The Petitioner timely filed a petition for review.

 

The government filed an unopposed motion to remand to the BIA.

 

The Fifth Circuit Court of appeal granted the motion to remand.

 

On remand, the BIA reaffirmed its original decision, denied all forms of relief, and again dismissed the appeal.

 

Again, the Petitioner filed a petition for review.

 

Facts

The Petitioner is a native and citizen of Haiti, who was detained upon applying for admission to the United States in 2016.

To avoid removal from the United States, the Petitioner filed applications for asylum, withholding of removal, and for protection under the Convention Against Torture (CAT).  See sections 208 and 241(b)(3) of the Immigration and Nationality Act, as amended (“the Act”) and the Convention Against Torture and other Forms of Cruel, Inhuman or Degrading Treatment or Punishment (a treaty signed by the United States on October 18, 1988 and ratified by the United States Senate on October 27, 1990).

The Petitioner testified before the Immigration Judge and described several violent attacks allegedly committed against him and his family members in Haiti.

Following an attack against the Petitioner in 2009, the police transported him to the hospital and took his report.

In the aftermath of a second attack in October 2009 at the Petitioner’s home in his absence during which the Petitioner’s sister, his daughter, and another woman were killed, the police and a local judge took a report.  At the time the police and local judge took the report, the Petitioner was told that they would investigate.

During another attack at the Petitioner’s home in December of 2009, he escaped and moved with his mother to the Dominican Republic, where they stayed together for four years.

In August of 2013, the Petitioner obtained a travel visa and moved to Brazil.

Ultimately, in July of 2016, the Petitioner left Brazil for the United States, where he arrived later that year.

 

Held

Petition for Review DENIED

 

Rationale

The Petitioner asserts in his petition for review that:

  1. The BIA did not apply the correct legal standard in determining that the Petitioner had not shown the Haitian government to be unable or unwilling to protect him; and
  2. substantial evidence does not support the BIA’s conclusion.

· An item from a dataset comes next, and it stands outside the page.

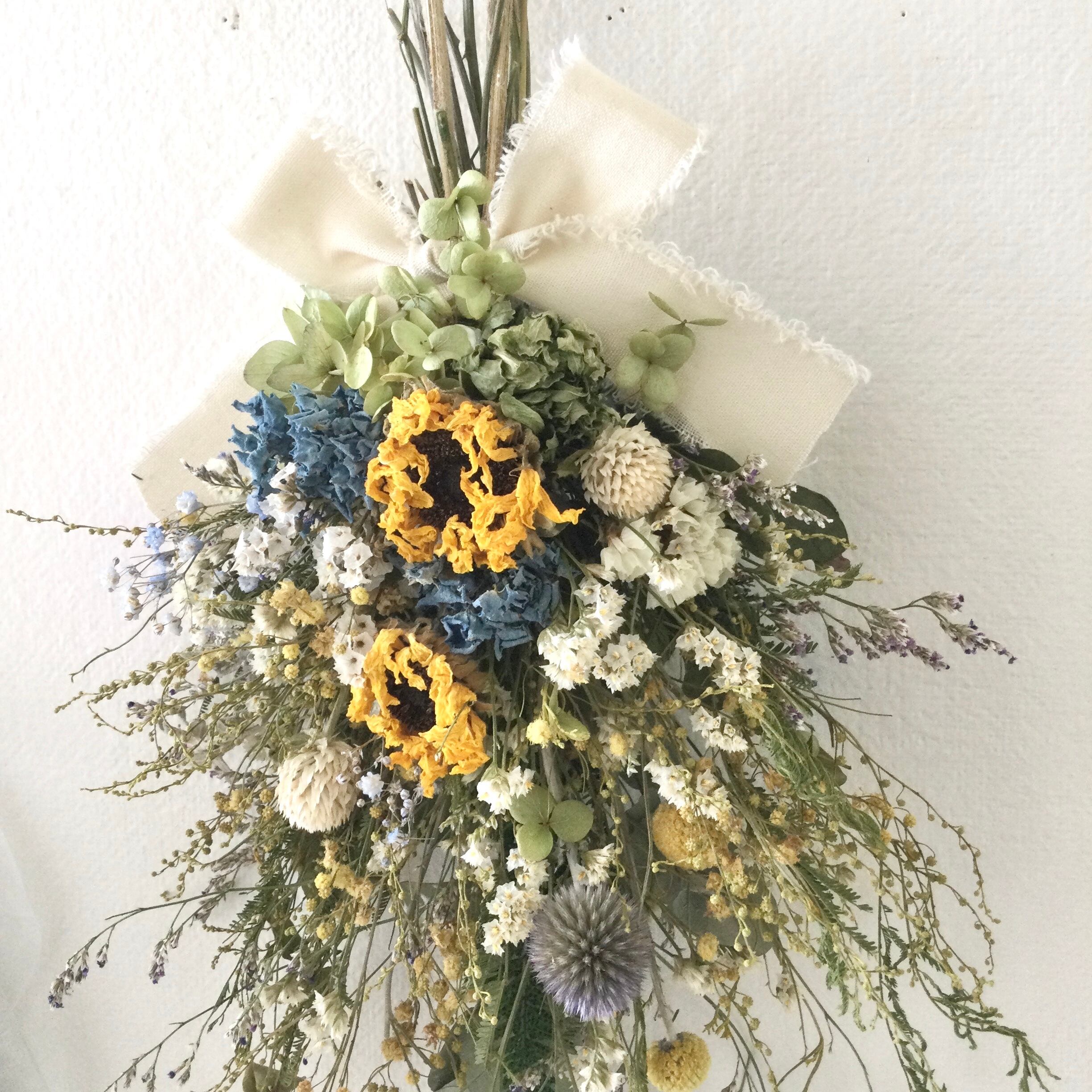 ひまわりとミモザ ナチュラルスワッグ ドライフラワー 誕生日プレゼント 引っ越し祝い ギフト

The Fifth Circuit Court of Appeal reasoned as follows:

  • The Petitioner did not address the BIA’s denial of CAT relief or withholding of removal under section 241(b)(3) of the Act. Thus, he forfeited any claim about CAT relief, as well as any claim about withholding of removal that does not overlap with his asylum claim.  United States v. Bowen, 818 F.3d 179, at 192 n.8 (5th Cir. 2016) (“We have made clear that any issue not raised in an appellant’s opening brief is forfeited.”).
  • The substantial evidence standard applies to an Immigration Judge’s factual conclusion that an alien is not eligible for asylum.  Zhao v. Gonzales, 404 F.3d 295, at 306 (5th Cir. 2005).
  • Under the substantial evidence standard, a petition for review will be granted only when the record evidence “compels” a conclusion contrary to the agency’s determination.  Gjetani v. Barr, 968 F.3d 393, at 396 (5th Cir. 2020) (quoting Zhao, 404 F.3d at 306); Wang v. Holder, 569 F.3d 531, at 536–37 (5th Cir. 2009).  “The applicant has the burden of showing that the evidence is so compelling that no reasonable factfinder could reach a contrary conclusion.”  Chen v. Gonzales, 470 F.3d 1131, at 1134 (5th Cir. 2006).
  • Where private actors are concerned, the applicant must show that the government condoned the private violence “or at least demonstrated a complete helplessness to protect the [applicant].” Shehu v. Gonzales, 443 F.3d 435, at 437 (5th Cir. 2006) (quoting Galina v. INS, 213 F.3d 955, at 958 (7th Cir. 2000)).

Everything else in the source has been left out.